Gene expression patterns across the cortex

Gene expression varies substantially across the cortex30,37 but most cortical areas largely share the same H2 types, or subclasses, of excitatory neurons9,12. Therefore it is unclear how differences in the organization of neuronal subpopulations lead to area-specific gene expression. Three sources of variation could contribute to gene expression differences across areas (Fig. 3a). First, the composition of H2 types may drive differences in gene expression across the cortex (Fig. 3a (left), the cell-type composition model).
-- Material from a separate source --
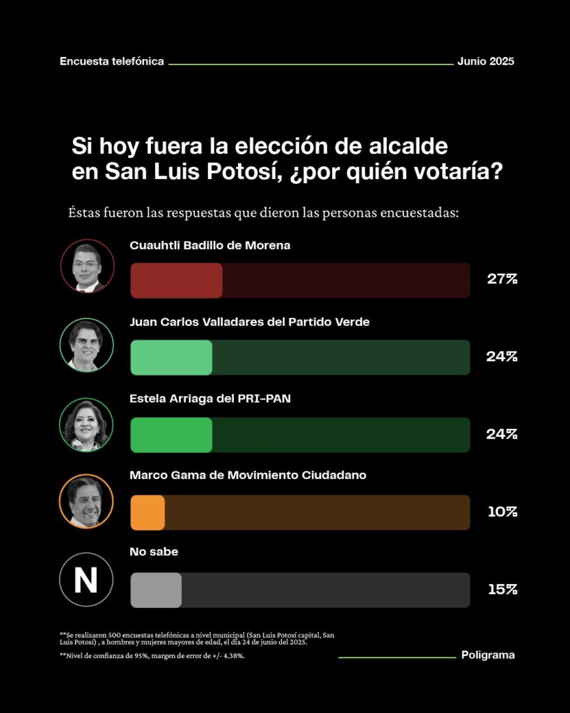 El diputado morenista Cuauhtli Badillo es el favorito, aunque por poco, para ser votado por la ciudadanía como el próximo alcalde de San Luis Potosí capital.

For example, the ratio of H2-type X to -type Y might be high in the visual but low in the motor cortex, so genes that are expressed more highly in X than in Y will be more highly expressed in the visual cortex. Second, the expression of some genes may vary across space regardless of H2 type—that is, they change consistently across space in multiple H2 types (Fig. 3a (middle), the spatial gradient model). In this model, gene A may be more highly expressed in the visual than in the motor cortex in types X and Y. Finally, the expression of some genes may vary across space in an H2-specific manner (Fig. 3a (right), the area-specialized cell-type model). For example, gene A may be more highly expressed in the visual cortex than in the motor cortex in H2 type X but not in H2 type Y.
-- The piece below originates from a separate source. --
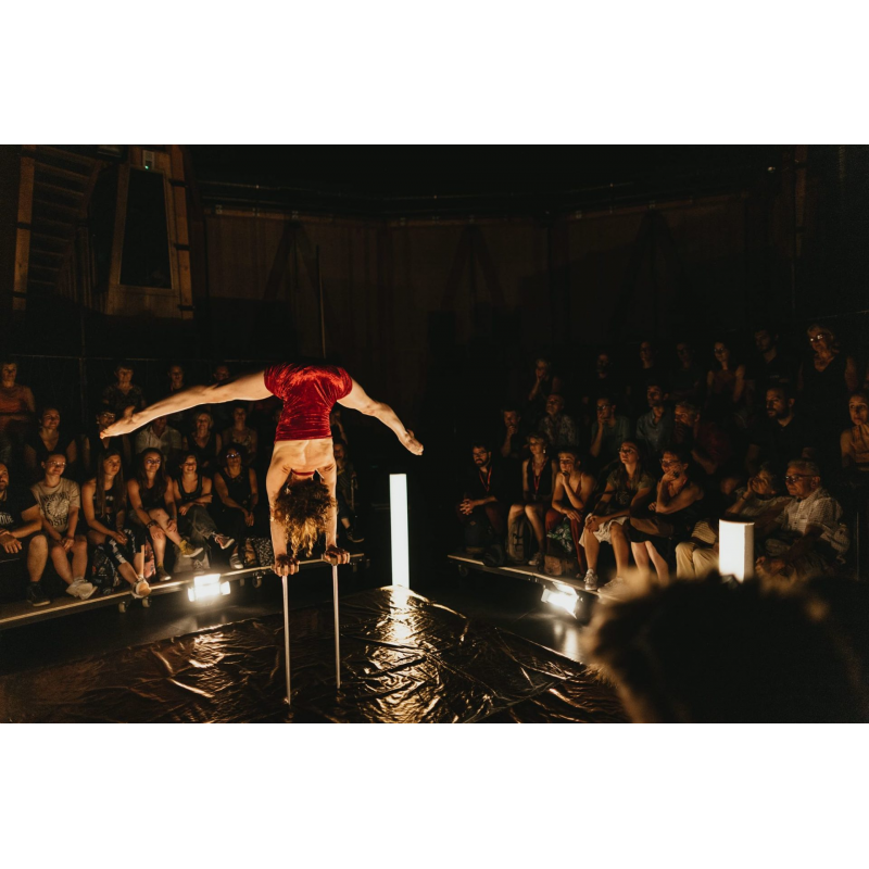 DES NUITS POUR VOIR LE JOUR Compagnie Allégorie – France Cirque, théâtre Durée : 1h30 Dès 10 ans Dans son spectacle en « auto-corps-trait », comme elle aime à le dire, Katell Le Brenn nous partage son parcours d’équilibriste et de contorsionniste. Son récit réjouissant, mêlant cirque et théâtre, explore l’impact de la pratique physique de haut niveau sur son quotidien. À travers quatre tableaux lumineux, mis en scène audacieusement par David Coll Povedano, l’artiste nous transporte dans quatre moments clés de sa vie d’acrobate. Sur du beatboxing ou bien des mélodies de Schubert, elle enchaîne les figures avec grâce. Et par la force de ses

Fig. 3: Spatial variations of gene expression across the cortex.
figure 3

a, Three models of differential gene expression across cortical areas. H2 types are indicated by cell shape; cool-toned shapes indicate H2-type-specific genes; warm-toned shapes indicate area-specific genes in model 2 and H3-type-specific genes in model 3. b, Expression of selected spatially variant NMF modules plotted on cortical flatmaps. c, Expression of selected marker genes in each NMF module. d, Histogram showing the number of areas (out of 37) in which an H3 type was detected: an H3 type was considered present in an area if that area contained at least 3% of that H3 type. e, Spatial distribution of example L4/5 IT and L5 ET H3 types across the cortex plotted on cortical flatmaps. Colours indicate relative cell count in each cubelet; grey lines delineate cortical areas. f, Distribution of L4/5 IT H3 types in an example coronal section. Dashed lines indicate area borders in CCF. Magnified views of dashed boxes are shown on the right. Brackets indicate barrels in the barrel cortex. g, Cortical areas defined in CCF (left) and those predicted by H3 type (middle) and cubelet gene expression (right). h, Fraction of correctly predicted cubelets using H3-type composition, cubelet gene expression and shuffled control. Each box shows the performance of n = 100 resampled trials. Boxes show median, and quartiles and whiskers indicate range after exclusion of outliers. Dots indicate outliers. i, Matrix showing the AUROC of pairwise classification between combinations of cortical areas. Areas are sorted by modules, which are colour coded on the left. The dendrogram was calculated using similarity of H3-type composition; clusters were obtained based on the matrix and are shown in the grey-bordered boxes. j, Cortical flatmaps coloured by cell-type-based modules (left) and by connectivity-based modules identified by Harris et al.3 (right).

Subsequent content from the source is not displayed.